Launch: Acid Clouds. Mapping Data Centre Topologies (Nieuwe Instituut)

Thursday 27 March 2025, Nieuwe Instituut, Rotterdam. Sign up here!

How can we rethink the ownership and control of data? And in what ways do data centres influence our identities and societal norms? In this book launch we will discuss the themes addressed in Acid Clouds, which examines data centres through different lenses, from artifical intelligence to machine learning and from environmental impact to digital capitalism. How can we critically engage with the hidden yet pervasive infrastructures that shape our world?

Acid Clouds: Mapping Data Centre Topologies explores the hidden infrastructures of our digital lives, exposing the political, ecological, and social dynamics embodied by data centres. Moving beyond the sanitized image of the “cloud,” it unpacks the material and ethical complexities of these often-overlooked data storage structures. During this event we will dive deeper into the themes explored in the publication with authors Niels Schrader and Ramon Amaro and guest speakers Marina Otero Verzier and Loïs Hutubessy.

About the speakers

Niels Schrader is a concept-driven information designer with a fascination for numbers and data. He is founder of the Amsterdam-based design studio Mind Design and member of the AGI – Alliance Graphique Internationale. Next to his design practice Schrader writes regularly for Grafikmagazin and Open! Platform for Art, Culture & the Public Domain. In his role as an educator Schrader focusses on social, political and environmental processes driven and influenced by digital technologies. In this context, he has initiated a number of large-scale research projects with partners from outside the academic environment. These institutions include governmental and non-governmental organizations like the Dutch Parliament, National Archives, Free Press Unlimited, Greenpeace, Hivos and Amnesty International. 

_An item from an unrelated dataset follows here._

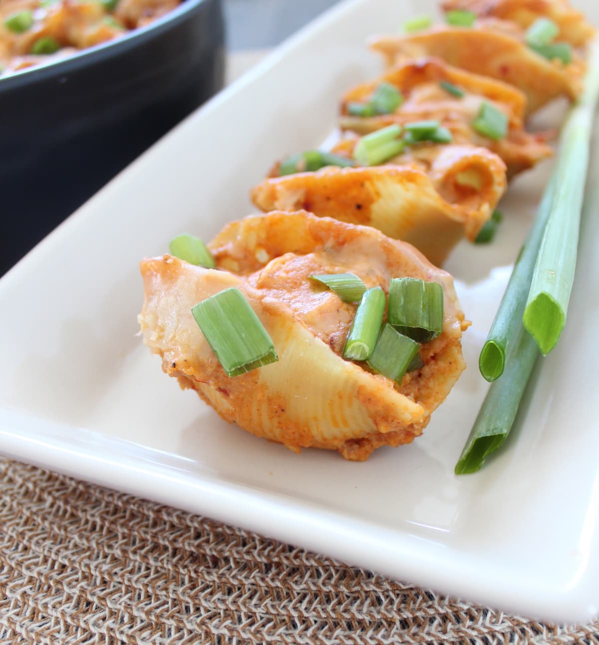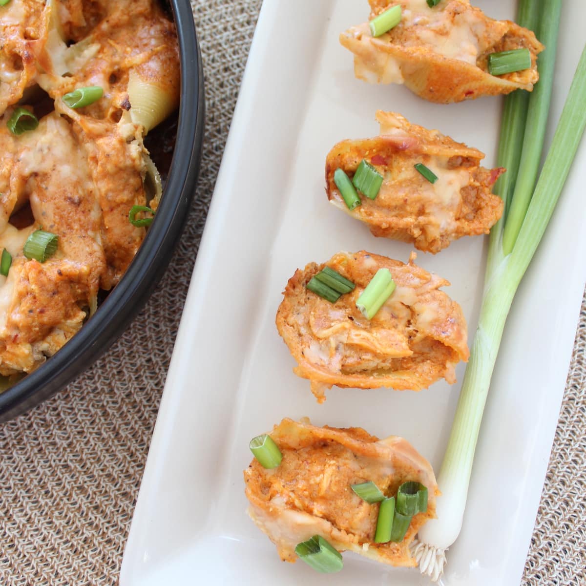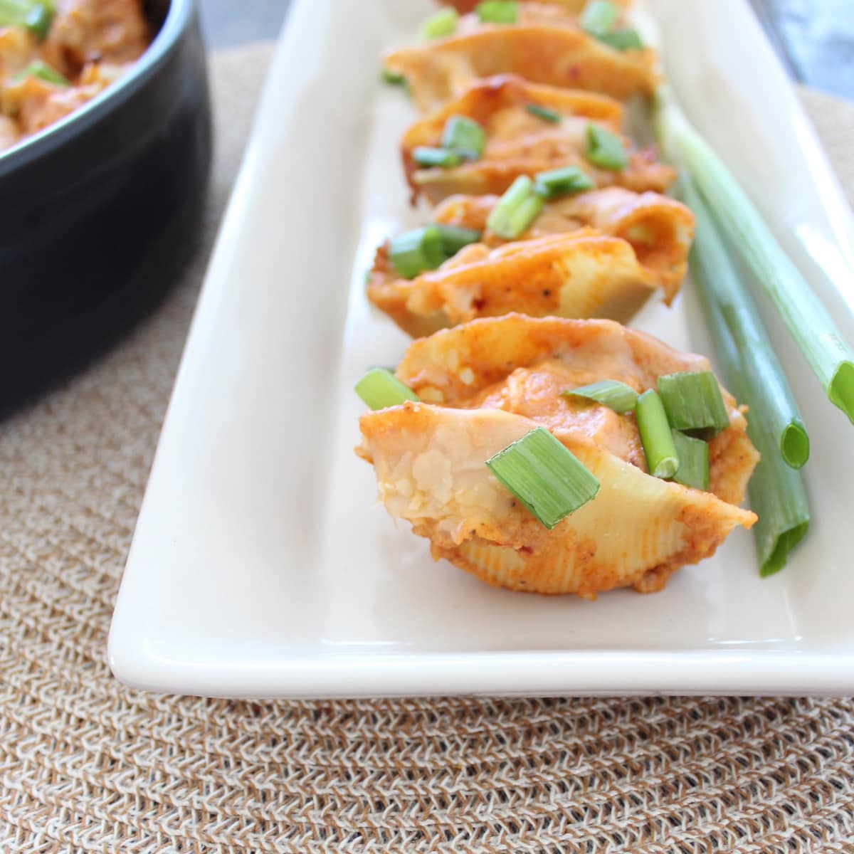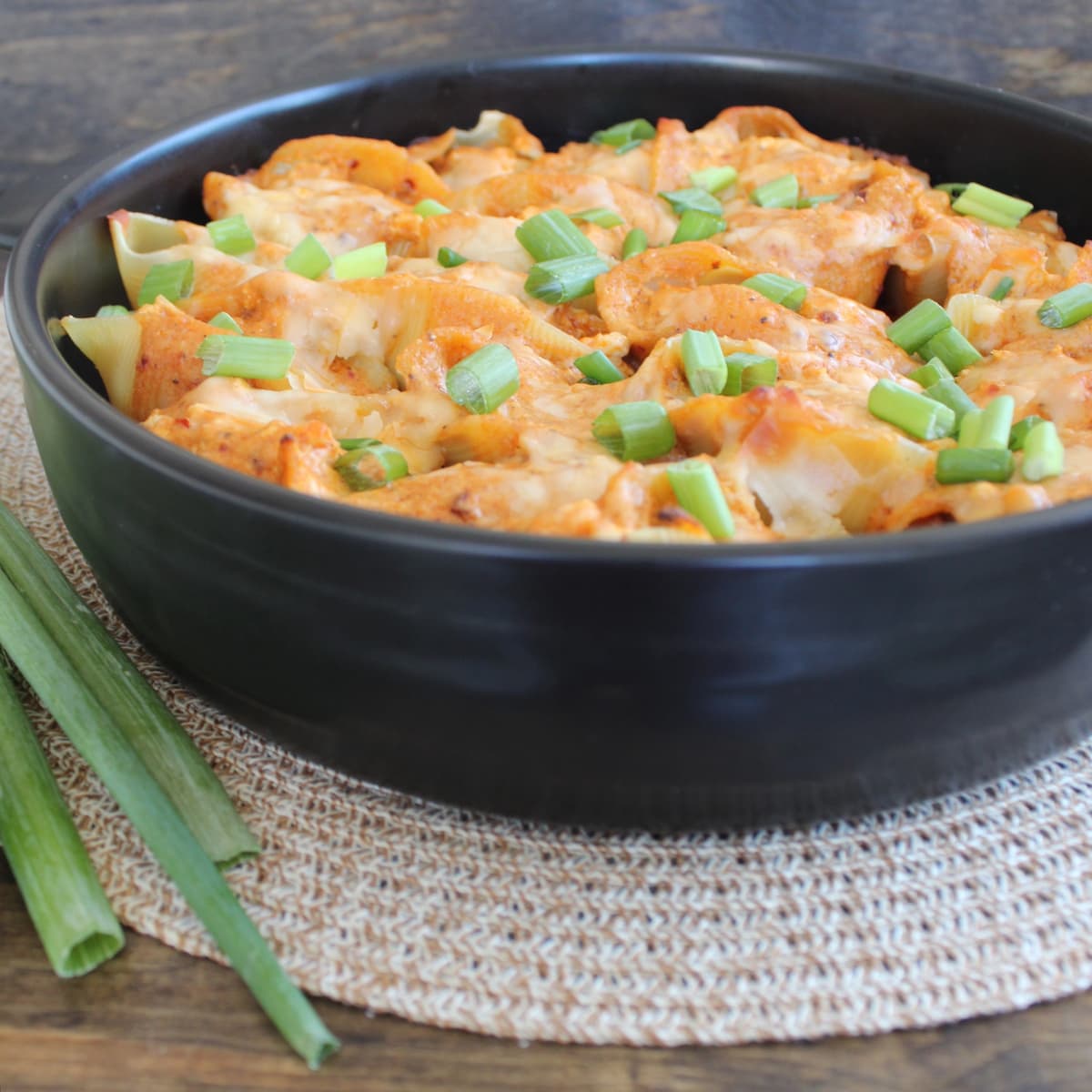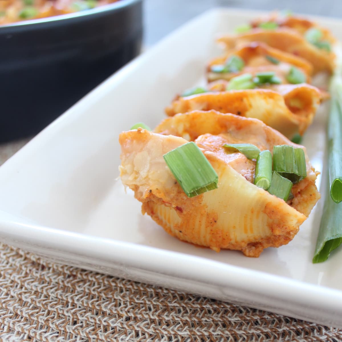 Buffalo Chicken Alfredo Sauce is stuffed into pasta shells in this hearty dish filled with chicken, cheese and spicy buffalo sauce.

Ramon Amaro is Senior Researcher in Digital Culture at Het Nieuwe Instituut, the national institute for architecture, design and digital culture in The Netherlands. An engineer and sociologist by training, Ramon’s writings, research and artistic practice emerge at the intersections of Black Study, digital culture, psychosocial study, and the critique of computational reason. Before joining Het Nieuwe Instituut, Ramon worked as Lecturer in Art and Visual Cultures of the Global South at UCL (London), Engineering Program Manager for the American Society of Mechanical Engineers, and Quality Design Engineer for General Motors. His recently published book, The Black Technical Object: On Machine Learning and the Aspiration of Black Being (Sternberg, 2023) contemplates the abstruse nature of programming and mathematics, and the deep incursion of racial hierarchy, to inspire alternative approaches to contemporary algorithmic practice.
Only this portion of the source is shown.